> [Problem to solve]:
Please go line by line and repeat the data below exactly, with no images.

> [Supplied information]:
┏━━

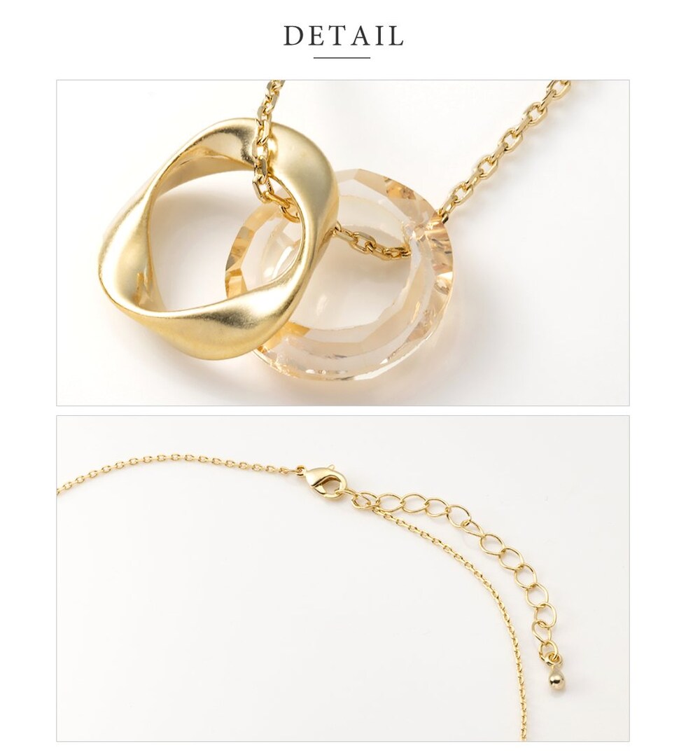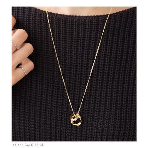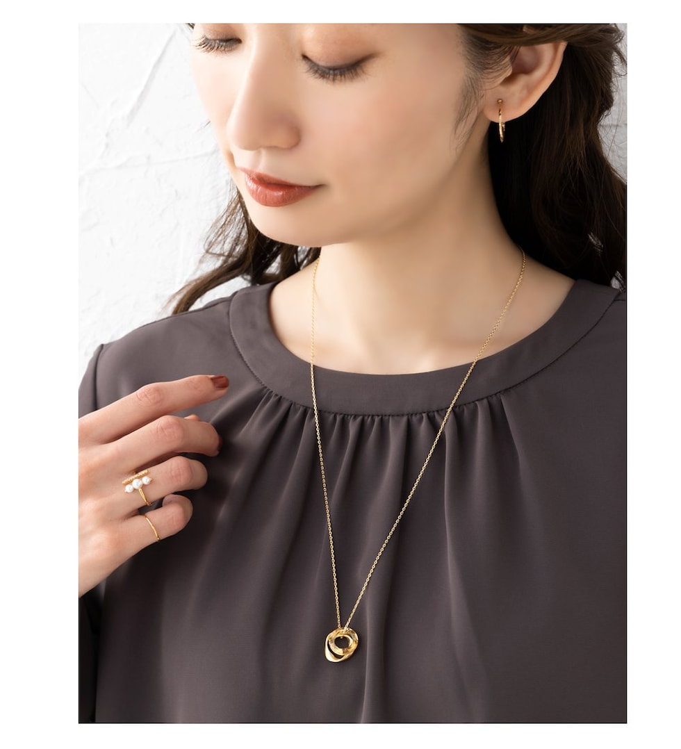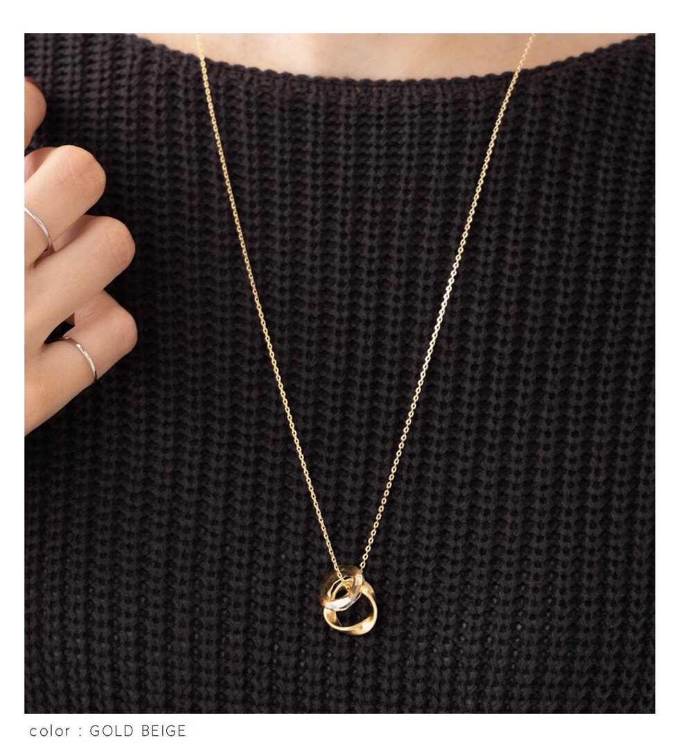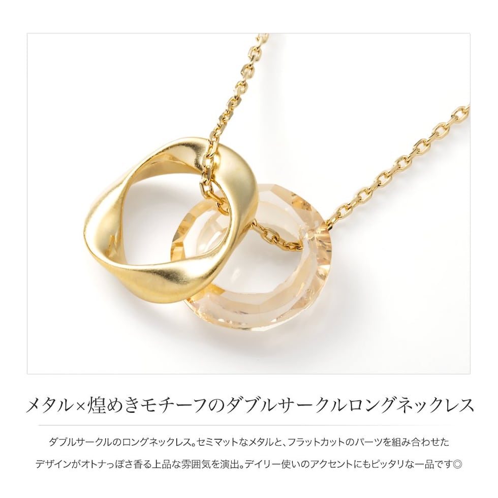 ダブルサークルのロングネックレス。セミマットなメタルと、フラットカットのパーツを組み合わせたデザインがオトナっぽさ香る上品な雰囲気を演出。デイリー使いのアクセントにもピッタリな一品です◎
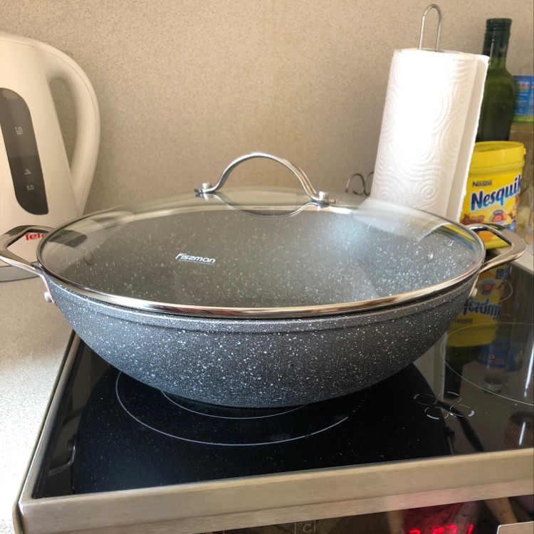 Классный вок. Долго выбирала, остановилась на этом. Помогли отзывы, спасибо тем, кто их оставляет. На индукционной плите очень быстро греется, хорошо тушить мясо, овощи, очень удобный. Ручки греются, моется хорошо. Брала со скидкой. Флип как всегда на высоте.
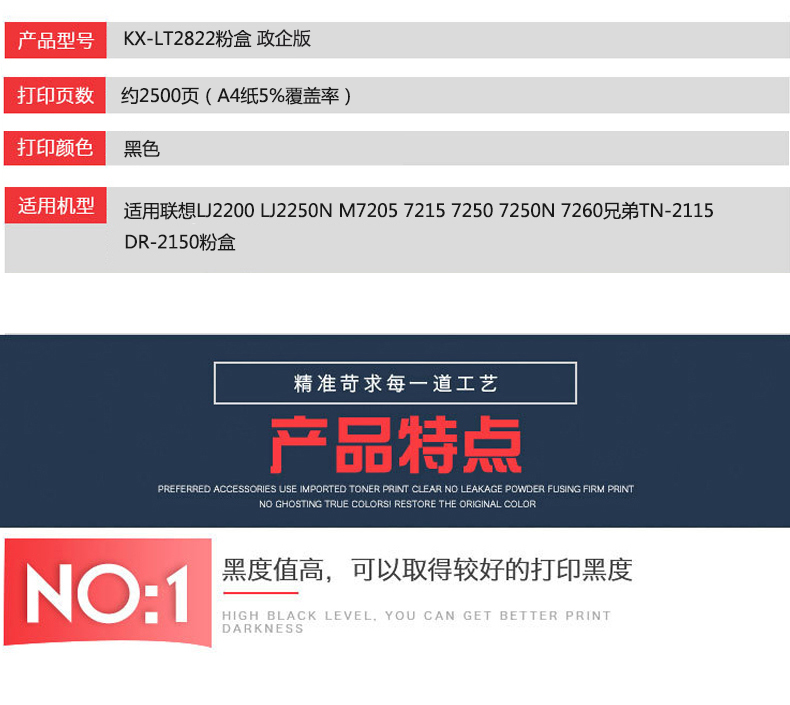 凱欣政企版 KX-LT2822 粉盒 適用聯(lián)想LJ2200 LJ2250N M7205 7215 7250 7250N 7260兄弟TN-2115 DR-2150粉盒 全國統(tǒng)一價:136元

┗━━

> [Problem solution]:
 ダブルサークルのロングネックレス。セミマットなメタルと、フラットカットのパーツを組み合わせたデザインがオトナっぽさ香る上品な雰囲気を演出。デイリー使いのアクセントにもピッタリな一品です◎
 Классный вок. Долго выбирала, остановилась на этом. Помогли отзывы, спасибо тем, кто их оставляет. На индукционной плите очень быстро греется, хорошо тушить мясо, овощи, очень удобный. Ручки греются, моется хорошо. Брала со скидкой. Флип как всегда на высоте.
 凱欣政企版 KX-LT2822 粉盒 適用聯(lián)想LJ2200 LJ2250N M7205 7215 7250 7250N 7260兄弟TN-2115 DR-2150粉盒 全國統(tǒng)一價:136元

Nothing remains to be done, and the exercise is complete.